Track while scan
The track while scan (TWS) is a mode of radar operation in which the radar allocates part of its power to tracking the target or targets while part of its power is allocated to scanning, unlike the straight tracking mode, when the radar directs all its power to tracking the acquired targets. In the TWS mode the radar has a possibility to acquire additional targets as well as providing an overall view of the airspace and helping maintain better situational awareness.
Early airborne radar systems generally operated purely as tracking systems, with a dedicated radar operator manually "tuning" the system to locate targets in a relatively narrow field-of-view in front of the aircraft. The searching area could be moved using a variety of methods, typically phase-shifting or lobe switching on lower frequency systems that required large antennas, or by moving the radar dish on microwave frequency radars. Engagements would start with ground controllers guiding the aircraft into the general area of the target via voice commands to the pilot, and once the aircraft got into range its own radar would pick up the target for the final approach when the radar operator would provide voice commands to the pilot. There was no real distinction between seeking out a target and tracking it.
Ground-based radars like the SCR-584 automated this process early in their evolution. In search mode the SCR-584 rotated its antenna through 360 degrees and any returns were plotted on a plan position indicator (PPI). This gave the operators an indication of any targets within its ~25 mile detection range and their direction relative to the radar van. When one of the returns was considered interesting, the radar was flipped to tracking mode and "locked-on". From then on it would automatically keep its antenna pointed at the target, feeding out accurate direction, altitude and range information on a B-Scope display. Operator workload was greatly reduced.
Advances in electronics meant it was only a matter of time before automated radars like the SCR-584 could be reduced in size and weight enough to fit into an aircraft. These started appearing in the late 1950s and remained common until the 1980s.
The introduction of semi-active radar homing missiles made the lock-on concept especially important. These missiles use the launching aircraft's own radar to "paint" the target with a radar signal, the missile listens for the signal being reflected off the target to home in on. This requires the radar to be locked on in order to provide a steady guidance signal. The drawback is that once the radar is set to tracking a single target, the operator loses information about any other targets. This is the problem that track while scan is meant to address.
In traditional radar systems, the display is purely electrical; signals from the radar dish are amplified and sent directly to an oscilloscope for display.
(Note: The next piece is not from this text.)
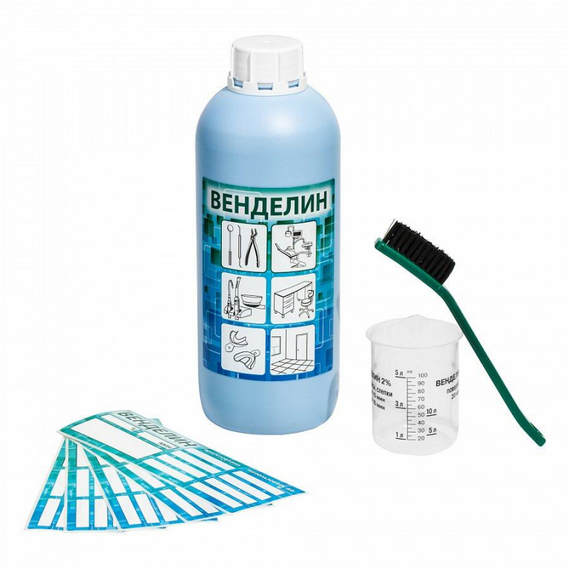 Дезинфицирующее средство 'Венделин' 1 л (концентрат). Химический состав дезсредства: ЧАС, гуанидин, поверхностно-активные вещества (ПАВ). Действующие вещества: алкилдиметилбензиламмоний хлорид (АДБАХ) + дидецилдиметиламмоний хлорид 11 %, полигексаметиленбигуанидин гидрохлорид 1 %, ПАВы. Сфера применения: акушерские стационары, лпу, клинические лаборатории, бактериологические лаборатории, детские учреждения (детсады, школы и т.п.), пенитенциарные учреждения, инфекционные очаги, предприятия общественного питания, предприятия продовольственной торговли, потребительские рынки, коммунальные объекты (бани, бассейны, гостиницы, общественные туалеты и т.п.), учреждения соцобеспечения, парикмахерские, косметические и (или) массажные салоны, прачечные, санитарный транспорт, отделения неонатологии, диагностические лаборатории. Объекты обработки: анестезиологическое оборудование, барокамеры, белье нательное, белье постельное, бытовые кондиционеры, вентиляционные фильтры, воздух в помещениях, воздуховоды, вращающиеся стоматологические инструменты, выделения больного (моча, фекалии, мокрота), гибкие эндоскопы, жесткая мебель, жесткие эндоскопы, жидкость после ополаскивания зева, игрушки, ИМН из металлов, резин на основе натурального и силиконового каучука, стекла, пластмасс, ИМН обычные, ИМН одноразовые перед утилизацией, инструменты к эндоскопам, инструменты парикмахерских, массажных, косметических салонов, инструменты стоматологические, инструменты хирургические, камеры для хранения стерильных ИМН, кровь, крышные кондиционеры, кувезы, лабораторная посуда, мед. отходы из текстильных материалов (ватные и марлевые тампоны, марля, бинты), мокрота, моча, мусоросборочное оборудование, мусоропроводы, мягкая мебель, наркозно-дыхательная аппаратура, обувь из пластика, резины, одноразовая посуда, плевательницы, поверхности в помещениях, поверхности приборов и аппаратов, предметы для мытья посуды, предметы личной гигиены, предметы обстановки, предметы ухода за больными, приспособления к кювезам, рвотные массы, резиновые и полипропиленовые коврики, санитарно-техническое оборудование, санитарный транспорт, системы вентиляции и кондиционирования воздуха, слюноотсосы, смывные воды, спецодежда, сплит-системы, мультизональные сплит-системы, спортивный инвентарь, стоматологические материалы (оттиски из альгината, силикона, полиэфирной смолы, зубопротезные заготовки, артикуляторы), стоматологические отсасывающие системы, транспорт для перевозки пищевых продуктов , уборочный инвентарь, фекалии. Класс опасности: при введении в желудок - 3; при нанесении на кожу - 4; рабочего раствора - 4. Активно в отношении: - бактерии (Mycobacterium tuberculosi, грамотрицательные бактерии, грамположительные бактерии, анаэробныe инфекции, возбудители ВБИ); - вирусы (аденовирусы, атипичной пневмонии, ВИЧ, герпеса, грипп, парагрипп, парентеральных гепатитов, полиомиелит, прочие возбудители ОРВИ, птичьего гриппа (H5N1), ротавирусы, свиной грипп (H1N1), энтеральных гепатитов, энтеровирусы); - патогенные грибы (дерматофитон, кандида, плесневые грибы). Срок годности: в упаковке - 5 лет, в рабочем растворе - 30 дней. Страна производства: Россия.

There is a one-to-one correspondence between "blips" on the display and a radio signal being received from the antenna. When the antenna is not pointed in a particular direction, the signal from any targets in that direction simply disappear. To improve the operator's ability to read the display, the oscilloscopes typically used a slowly fading phosphor as a crude form of "memory".
Track while scan
Track while scan radars became possible with the introduction of two new technologies: phased-array radars and computer memory devices. Phased-array antennas became practical with the introduction of tunable high-power coherent radio frequency oscillators in the 1960s. By shifting the phase slightly between a series of antennas, the resulting additive signal can be steered and focused electronically. Much more important to the development of TWS was the development of digital computers and their associated memories, which allowed the radar data to be remembered from scan to scan.
TWS radars disconnect the display from the antenna, sending the signals to a computer instead of the display. The computer interprets the signal and develops a "track file" for anything that would have normally caused a blip. The next time the radar returns to that area, any returns are correlated with the original recording, and the track file is updated or discarded as appropriate. A second system continuously reads the data in the track files from memory, and displays this on the radar as a series of annotated icons. Unlike the straight tracking mode, TWS radars have to solve an additional problem of recognizing whether each target discrimination/detection defines a new target or belongs to already tracked targets.
With the location of targets known even when the radar antenna is not pointed at them, TWS radars can return to the same area of sky on their next scan and beam additional energy toward the target. So in spite of the radar not constantly painting the target as it would in a traditional lock-on, enough energy is sent in that direction to allow a missile to track. A phased array antenna helps here, by allowing the signal to be focused on the target when the antenna is in that direction, without it having to be pointed directly at the target. This means that the target can be painted for a longer period of time, whenever the antenna is in the same general direction. Advanced phased array radars make this even easier, allowing a signal to be continually directed at the target.
The original tracking radar system was the Semi-Automatic Ground Environment (SAGE) system developed for the US Air Force. SAGE required enormous computers to develop and maintain tracks for up to dozens of aircraft. Early airborne TWS radar typically only tracked a single target while scanning. The original TWS airborne set was the Hughes Aircraft AN/ASG-18 of the XF-108 Rapier, which could track a single target. The Westinghouse AN/APQ-81 for the F6D Missileer was more advanced, tracking up to eight targets, but required its own operator.
It was not until the introduction of digital computers, and especially microprocessors, that TWS in airborne applications became practical. Development of TWS generally followed the development of the microprocessors that eventually powered them; the AN/AWG-9 of the F-14 Tomcat used an Intel 8080 and could track 24 targets.